(Data segment Opens)
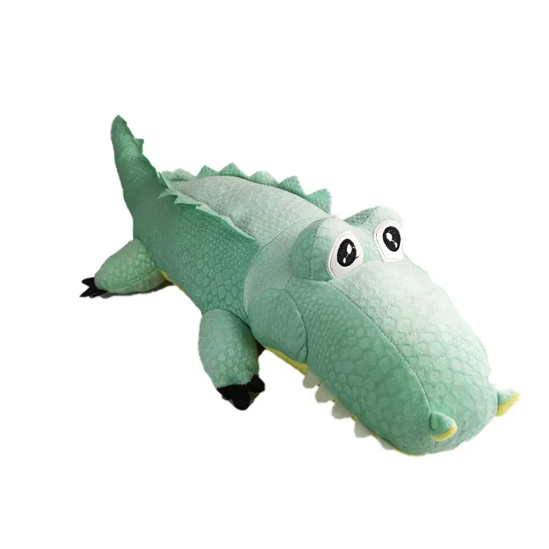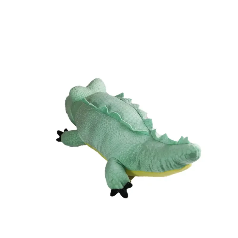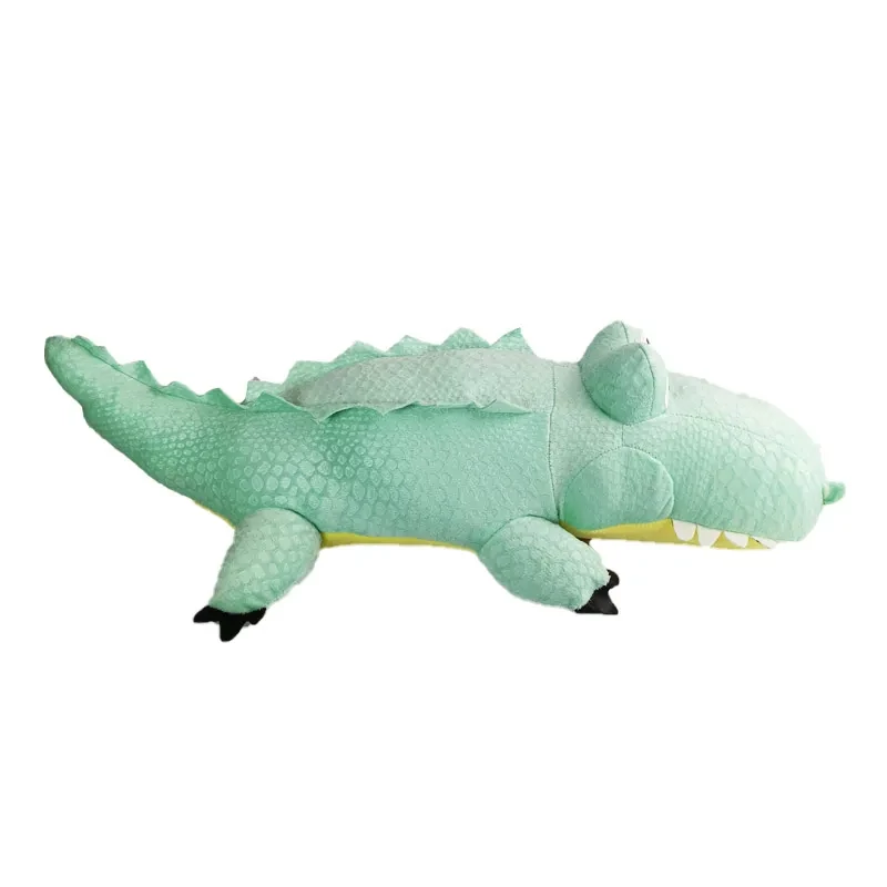 روکش چرمی مصنوعی: سطح بیرونی این عروسک از جنس چرمی یا چرمی مصنوعی با کیفیت ساخته شده است که یادآور پوست واقعی تمساح است. این ماده هم دوام بالایی دارد و هم برای استفاده ایمن کودکان مناسب است.
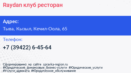 Raydan, клуб-ресторан по адресу Тыва, Кызыл, Кечил-Оола, 65 в дальнейшем Организация, размещена в следующих категориях:
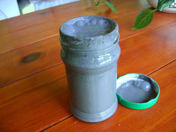 Después de 4 días fui a ver lo que había sucedido a la pintura, y encontré que el cemento había colocado en la parte inferior del envase. Tuve que luchar duro para volver a lograr una consistencia suave a efectos de aplicar la segunda capa de pintura. Hubo entonces una espuma densa y homogénea, que sin embargo no me impidió usar la pintura.
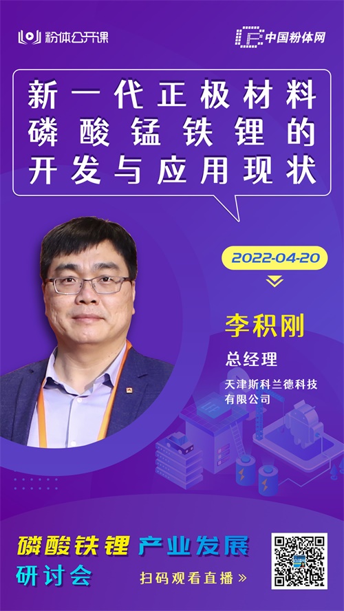 隨著產品和技術的不斷成熟,磷酸錳鐵鋰產業有望獲得快速發展。為了解行業最新動態,中國粉體網旗下粉體公開課平臺將于4月20日線上舉辦“磷酸鐵鋰產業發展研討會”,屆時將邀請來自天津斯科蘭德科技有限公司的李積剛總經理作《新一代正極材料磷酸錳鐵鋰的開發與應用現狀》報告。報告人將介紹公司團隊在磷酸錳鐵鋰方面的研究開發和產業化推廣應用,使這種高能量密度的無鈷無鎳無貴金屬的廉價動力電池材料成為可能。
(Data segment Closes)
Reproduce the material above from its first line through the line containing "Raydan, клуб-ресторан по", both ends included, and skip every picture.

 روکش چرمی مصنوعی: سطح بیرونی این عروسک از جنس چرمی یا چرمی مصنوعی با کیفیت ساخته شده است که یادآور پوست واقعی تمساح است. این ماده هم دوام بالایی دارد و هم برای استفاده ایمن کودکان مناسب است.
 Raydan, клуб-ресторан по адресу Тыва, Кызыл, Кечил-Оола, 65 в дальнейшем Организация, размещена в следующих категориях:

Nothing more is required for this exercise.